[RECORDED DATA — start]
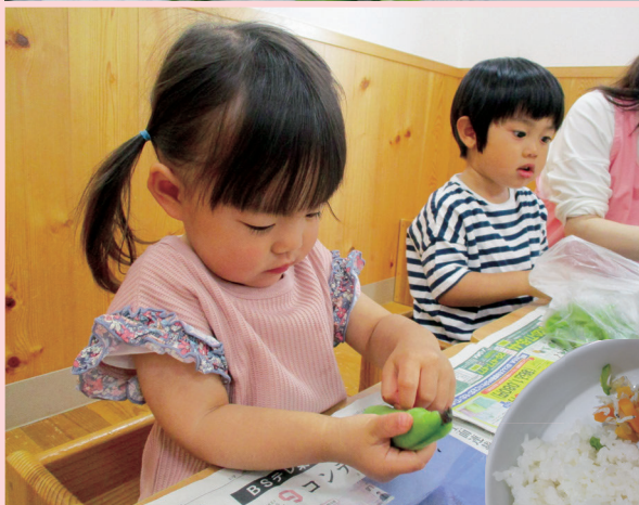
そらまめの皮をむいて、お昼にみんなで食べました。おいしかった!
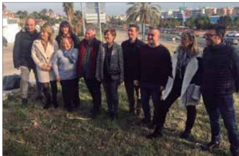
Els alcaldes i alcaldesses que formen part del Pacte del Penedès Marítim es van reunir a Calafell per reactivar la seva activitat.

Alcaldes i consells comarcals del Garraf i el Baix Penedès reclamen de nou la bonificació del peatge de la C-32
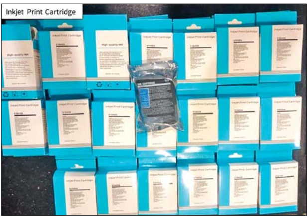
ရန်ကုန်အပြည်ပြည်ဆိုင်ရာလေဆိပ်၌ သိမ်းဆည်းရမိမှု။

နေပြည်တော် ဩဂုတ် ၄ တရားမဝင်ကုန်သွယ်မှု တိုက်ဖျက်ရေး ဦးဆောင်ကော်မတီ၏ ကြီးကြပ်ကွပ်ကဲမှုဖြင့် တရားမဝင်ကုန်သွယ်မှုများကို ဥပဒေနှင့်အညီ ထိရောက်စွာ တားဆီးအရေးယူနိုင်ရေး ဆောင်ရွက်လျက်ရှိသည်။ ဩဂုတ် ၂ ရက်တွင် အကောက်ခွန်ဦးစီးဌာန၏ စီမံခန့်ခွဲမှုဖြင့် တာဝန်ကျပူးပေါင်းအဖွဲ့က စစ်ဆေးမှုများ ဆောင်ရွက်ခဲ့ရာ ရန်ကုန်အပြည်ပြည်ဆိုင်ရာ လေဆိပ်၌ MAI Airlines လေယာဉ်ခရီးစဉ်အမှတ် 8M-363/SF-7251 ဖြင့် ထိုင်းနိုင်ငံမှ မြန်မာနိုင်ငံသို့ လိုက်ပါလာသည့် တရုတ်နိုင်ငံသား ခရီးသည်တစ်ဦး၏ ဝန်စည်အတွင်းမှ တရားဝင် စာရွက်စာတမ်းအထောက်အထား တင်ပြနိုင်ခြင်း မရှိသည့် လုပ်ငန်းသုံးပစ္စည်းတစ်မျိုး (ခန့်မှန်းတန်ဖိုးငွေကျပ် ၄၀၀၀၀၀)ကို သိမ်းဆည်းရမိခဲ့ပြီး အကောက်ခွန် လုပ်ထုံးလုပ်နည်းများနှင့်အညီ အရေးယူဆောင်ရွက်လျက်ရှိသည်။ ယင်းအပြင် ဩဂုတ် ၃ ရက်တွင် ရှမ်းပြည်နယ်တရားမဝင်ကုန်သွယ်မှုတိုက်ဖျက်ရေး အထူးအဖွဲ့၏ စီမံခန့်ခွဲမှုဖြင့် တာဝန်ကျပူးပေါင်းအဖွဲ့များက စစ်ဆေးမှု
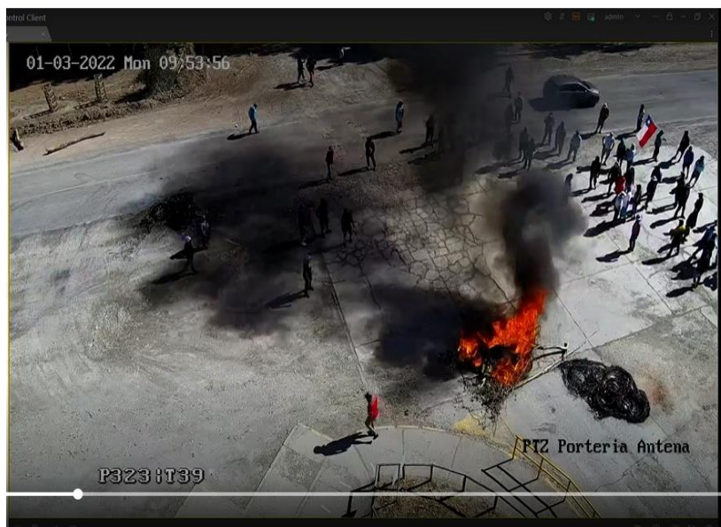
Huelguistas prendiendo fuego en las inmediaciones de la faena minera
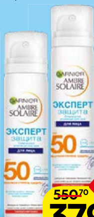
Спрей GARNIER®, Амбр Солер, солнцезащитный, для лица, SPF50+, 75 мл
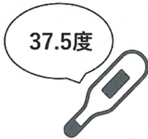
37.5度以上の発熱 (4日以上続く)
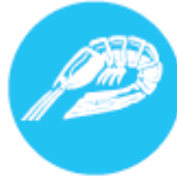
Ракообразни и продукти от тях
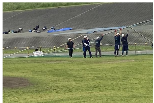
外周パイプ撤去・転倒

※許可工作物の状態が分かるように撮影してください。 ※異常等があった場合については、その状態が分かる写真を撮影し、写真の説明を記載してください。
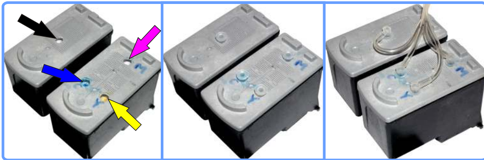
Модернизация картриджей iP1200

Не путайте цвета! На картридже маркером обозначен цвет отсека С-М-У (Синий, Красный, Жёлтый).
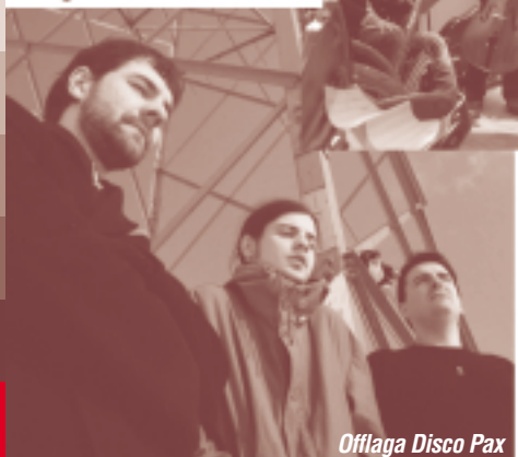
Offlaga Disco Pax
[RECORDED DATA — finish]
[RECORDED DATA — start]
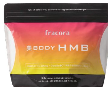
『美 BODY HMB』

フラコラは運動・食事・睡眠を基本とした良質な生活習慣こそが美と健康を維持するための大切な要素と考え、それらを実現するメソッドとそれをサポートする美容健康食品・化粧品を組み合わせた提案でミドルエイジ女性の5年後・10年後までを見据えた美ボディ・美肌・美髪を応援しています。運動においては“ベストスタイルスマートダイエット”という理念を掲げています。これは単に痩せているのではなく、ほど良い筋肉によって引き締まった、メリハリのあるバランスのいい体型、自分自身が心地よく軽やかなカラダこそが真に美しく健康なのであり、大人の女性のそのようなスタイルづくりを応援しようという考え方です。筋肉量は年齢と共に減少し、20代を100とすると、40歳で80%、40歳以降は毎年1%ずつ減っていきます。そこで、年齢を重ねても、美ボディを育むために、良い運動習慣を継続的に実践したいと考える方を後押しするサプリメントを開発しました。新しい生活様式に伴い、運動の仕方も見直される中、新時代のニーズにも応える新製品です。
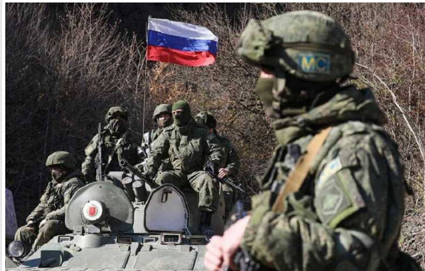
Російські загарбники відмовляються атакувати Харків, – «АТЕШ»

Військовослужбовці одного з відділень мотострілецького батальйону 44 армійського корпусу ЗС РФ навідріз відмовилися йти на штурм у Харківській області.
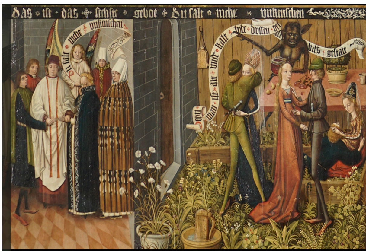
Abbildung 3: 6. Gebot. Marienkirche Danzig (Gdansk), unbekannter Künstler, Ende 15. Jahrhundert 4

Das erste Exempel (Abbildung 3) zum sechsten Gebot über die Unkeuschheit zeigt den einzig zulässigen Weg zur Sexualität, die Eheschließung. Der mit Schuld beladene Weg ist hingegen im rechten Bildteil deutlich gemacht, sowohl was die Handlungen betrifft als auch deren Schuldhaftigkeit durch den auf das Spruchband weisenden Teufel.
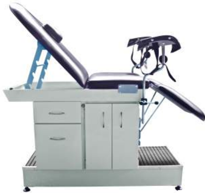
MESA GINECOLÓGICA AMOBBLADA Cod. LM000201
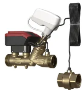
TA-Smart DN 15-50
[RECORDED DATA — finish]
**TASK TO COMPLETE:** Within the listing above, the lines from the one with "Das erste Exempel" through the one with "TA-Smart DN 15-50" are to be given again word for word. Do not include pictures.

**TASK SOLUTION:**
Das erste Exempel (Abbildung 3) zum sechsten Gebot über die Unkeuschheit zeigt den einzig zulässigen Weg zur Sexualität, die Eheschließung. Der mit Schuld beladene Weg ist hingegen im rechten Bildteil deutlich gemacht, sowohl was die Handlungen betrifft als auch deren Schuldhaftigkeit durch den auf das Spruchband weisenden Teufel.
MESA GINECOLÓGICA AMOBBLADA Cod. LM000201
TA-Smart DN 15-50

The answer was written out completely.